After reviewing the record, the Court does not find that a remand is warranted. Through the briefing process, the parties now agree the following facts are undisputed. First, the only potentially applicable listing is Section 3.02 for chronic pulmonary conditions. There has never been any claim that plaintiff has cystic fibrosis. Accordingly, as set forth in her reply brief, plaintiff agrees that Section 3.04 (cystic fibrosis) is "admittedly irrelevant." Dkt. # 22 at p.1. Second, based on the FEV1 tests performed by plaintiff's own treating pulmonologist (Dr. Ingrassia), plaintiff did not meet the requirements of Section 3.02. Third, after reviewing these tests and other medical evidence, Dr. Rosch also concluded that plaintiff did not meet any of the pulmonary listings. See R. 56 (in this portion of her testimony she cites to both Sections 3.02 and 3.04).

In sum, based on the current record, but excluding the results from the Ramchandani test, there is no possibility that if the ALJ had applied the more rigorous standard of Section 3.02, the ALJ would have concluded that plaintiff met that listing. Both Sections 3.02 and 3.04 are straightforward with no discretion involved. They simply involve looking up numbers on a table. Plaintiff does not dispute this conclusion.[2]

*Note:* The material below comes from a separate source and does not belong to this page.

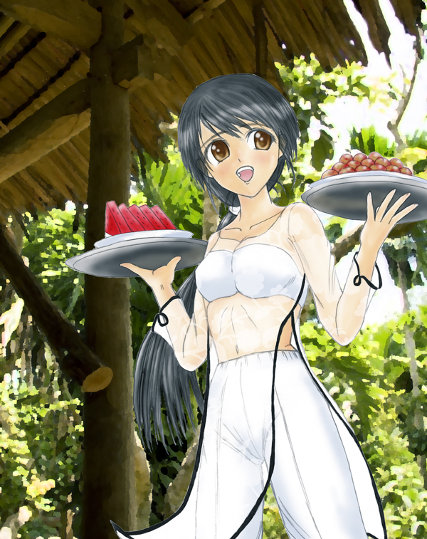 両手の盆いっぱいに南国のフルーツを乗せて、

Plaintiff argues instead that, after Dr. Rosch testified that Dr. Ramchandani's FEV1 test did not meet social security standards, the ALJ should have then ordered a new spirometry test. This Court disagrees. The evidence above, which includes two medical opinions, is sufficient. As discussed in Section I, the "decision to summon a medical expert is discretionary, " and while the ALJ could have called for another test, this Court cannot find fault based on the current record if the ALJ simply "chose not to do so." See, e.g., Tichenor, 2015 WL 1455702 at *6. Plaintiff has not cited to any case suggesting that an expert must be called in this type of situation.

Plaintiff's only argument is this sentence in her reply brief: "it would seem that the Defendant, who earlier wanted a consulting spirometry done, would still want one done - so simple would it have been for the Administrative Law Judge to order a post-hearing one." Dkt. #22 at p. 1-2. This argument is speculative. For one thing, as the generic reference to "the Defendant" suggests, it does not appear that it was the ALJ who initially made the decision to order the first spirometry test, which was done over a year before the hearing. Even if the ALJ had made the earlier decision, this does not mean that the ALJ was bound by that decision. Instead, the ALJ reasonably could have concluded, after listening to testimony at the hearing and after reviewing all the medical evidence, that the current record was clear enough and provided substantial supported for a finding of no disability.

As the government argues in its response brief, the ALJ did not believe that plaintiff had serious pulmonary deficiencies. The ALJ noted the following: (i) plaintiff's COPD never required hospitalization or emergency treatment (R. 18); (ii) plaintiff never used a nebulizer or other breathing machine (R. 18); (iii) when plaintiff saw her family physician on October 24, 2008 she denied having any respiratory symptoms (R. 16) (iv) plaintiff rarely visited Dr. Ingrassia who recommended no treatment aside from quitting smoking (R. 16); (v) the FEV1 tests done by Dr. Ingrassia, which did not even meet the listing, were "all obtained pre-treatment, with no post-bronchodilator responses recorded" (R. 15); (vi) "Dr. Ingrassia notably declined to provide a medical source statement, despite [plaintiff's] express request" (R. 19); and (vii) plaintiff provided inconsistent testimony about why she quit her job of 14 years and about her daily activities. Dkt. # 21 at p.9. Plaintiff does not address any of this evidence in her two briefs. This evidence further confirms that the ALJ did not find that another spirometry test was called for given the evidence already in the record. This Court cannot second-guess that decision.


For the reasons given, plaintiff's motion for summary judgment is denied, the government's motion is granted, and the decision of the ALJ is affirmed.